What you will do -
Using the records below, write out only the lines from the line containing "with 3in. sighted" up to and including the line containing "Keine dieser drei", exactly, with no pictures.

Provided information -
....

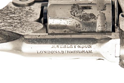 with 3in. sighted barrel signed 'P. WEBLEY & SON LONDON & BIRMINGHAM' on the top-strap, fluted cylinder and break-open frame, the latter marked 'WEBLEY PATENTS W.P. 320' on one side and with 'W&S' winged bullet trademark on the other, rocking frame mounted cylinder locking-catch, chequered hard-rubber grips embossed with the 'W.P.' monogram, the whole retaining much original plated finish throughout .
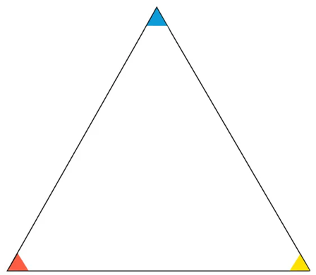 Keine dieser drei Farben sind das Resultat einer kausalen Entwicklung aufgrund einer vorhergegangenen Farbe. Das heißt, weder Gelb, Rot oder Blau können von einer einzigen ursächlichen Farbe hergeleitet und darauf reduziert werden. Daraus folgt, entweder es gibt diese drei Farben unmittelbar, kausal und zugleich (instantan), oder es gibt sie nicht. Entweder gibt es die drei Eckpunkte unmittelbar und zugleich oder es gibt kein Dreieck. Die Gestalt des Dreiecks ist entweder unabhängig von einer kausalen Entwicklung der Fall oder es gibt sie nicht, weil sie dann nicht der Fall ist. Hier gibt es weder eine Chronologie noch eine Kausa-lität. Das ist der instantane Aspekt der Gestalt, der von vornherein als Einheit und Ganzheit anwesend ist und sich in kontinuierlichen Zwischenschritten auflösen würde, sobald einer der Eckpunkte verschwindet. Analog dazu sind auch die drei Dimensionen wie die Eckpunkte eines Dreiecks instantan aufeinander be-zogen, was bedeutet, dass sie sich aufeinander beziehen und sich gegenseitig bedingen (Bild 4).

....

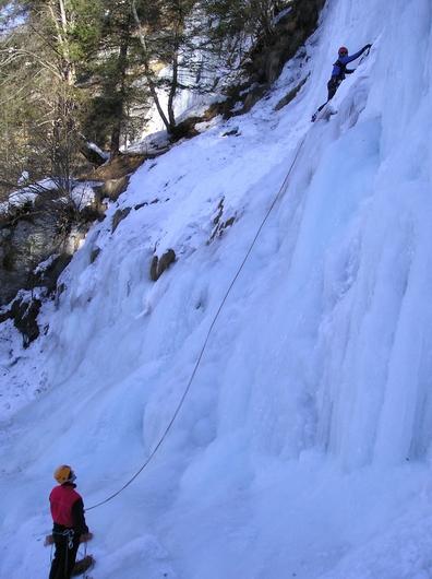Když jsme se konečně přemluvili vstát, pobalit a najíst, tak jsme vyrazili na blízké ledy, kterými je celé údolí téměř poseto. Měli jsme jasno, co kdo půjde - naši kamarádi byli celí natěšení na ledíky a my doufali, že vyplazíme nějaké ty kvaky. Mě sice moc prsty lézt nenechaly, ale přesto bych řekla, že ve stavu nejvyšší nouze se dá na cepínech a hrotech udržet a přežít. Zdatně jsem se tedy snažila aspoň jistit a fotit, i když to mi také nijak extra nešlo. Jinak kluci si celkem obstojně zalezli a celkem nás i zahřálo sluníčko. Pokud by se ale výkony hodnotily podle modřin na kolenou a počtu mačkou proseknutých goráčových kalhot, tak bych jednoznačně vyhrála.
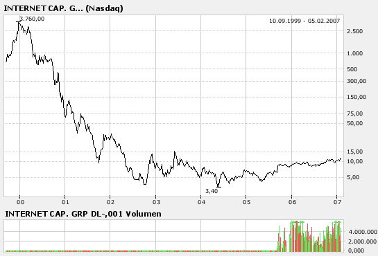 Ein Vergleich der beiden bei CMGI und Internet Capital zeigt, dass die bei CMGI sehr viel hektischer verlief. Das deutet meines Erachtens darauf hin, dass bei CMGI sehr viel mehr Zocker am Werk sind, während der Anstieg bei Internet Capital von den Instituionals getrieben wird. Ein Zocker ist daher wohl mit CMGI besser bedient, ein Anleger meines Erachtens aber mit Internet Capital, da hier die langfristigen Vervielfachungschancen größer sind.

....

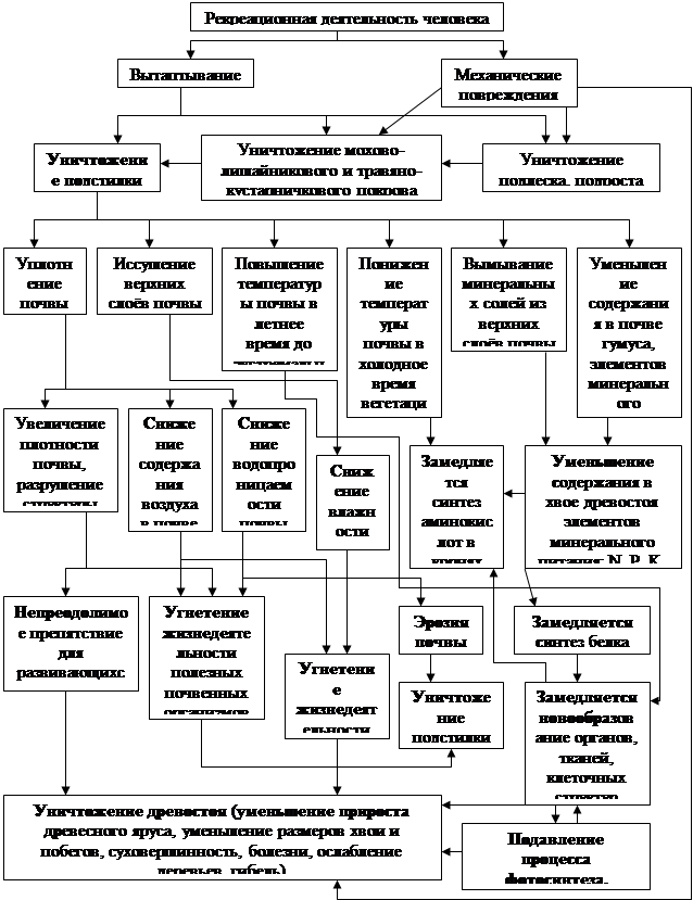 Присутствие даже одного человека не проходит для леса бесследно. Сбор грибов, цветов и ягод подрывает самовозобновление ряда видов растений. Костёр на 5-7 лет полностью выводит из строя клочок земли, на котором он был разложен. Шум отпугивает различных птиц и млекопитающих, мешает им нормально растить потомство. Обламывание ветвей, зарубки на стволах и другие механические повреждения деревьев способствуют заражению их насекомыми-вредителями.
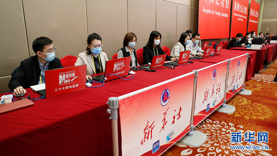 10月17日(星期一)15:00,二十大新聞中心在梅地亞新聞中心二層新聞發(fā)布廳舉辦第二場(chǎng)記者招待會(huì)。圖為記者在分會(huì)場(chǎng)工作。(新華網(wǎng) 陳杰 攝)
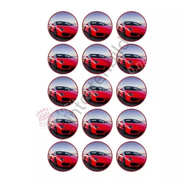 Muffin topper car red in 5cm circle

....

Solution to this exercise -
 with 3in. sighted barrel signed 'P. WEBLEY & SON LONDON & BIRMINGHAM' on the top-strap, fluted cylinder and break-open frame, the latter marked 'WEBLEY PATENTS W.P. 320' on one side and with 'W&S' winged bullet trademark on the other, rocking frame mounted cylinder locking-catch, chequered hard-rubber grips embossed with the 'W.P.' monogram, the whole retaining much original plated finish throughout .
 Keine dieser drei Farben sind das Resultat einer kausalen Entwicklung aufgrund einer vorhergegangenen Farbe. Das heißt, weder Gelb, Rot oder Blau können von einer einzigen ursächlichen Farbe hergeleitet und darauf reduziert werden. Daraus folgt, entweder es gibt diese drei Farben unmittelbar, kausal und zugleich (instantan), oder es gibt sie nicht. Entweder gibt es die drei Eckpunkte unmittelbar und zugleich oder es gibt kein Dreieck. Die Gestalt des Dreiecks ist entweder unabhängig von einer kausalen Entwicklung der Fall oder es gibt sie nicht, weil sie dann nicht der Fall ist. Hier gibt es weder eine Chronologie noch eine Kausa-lität. Das ist der instantane Aspekt der Gestalt, der von vornherein als Einheit und Ganzheit anwesend ist und sich in kontinuierlichen Zwischenschritten auflösen würde, sobald einer der Eckpunkte verschwindet. Analog dazu sind auch die drei Dimensionen wie die Eckpunkte eines Dreiecks instantan aufeinander be-zogen, was bedeutet, dass sie sich aufeinander beziehen und sich gegenseitig bedingen (Bild 4).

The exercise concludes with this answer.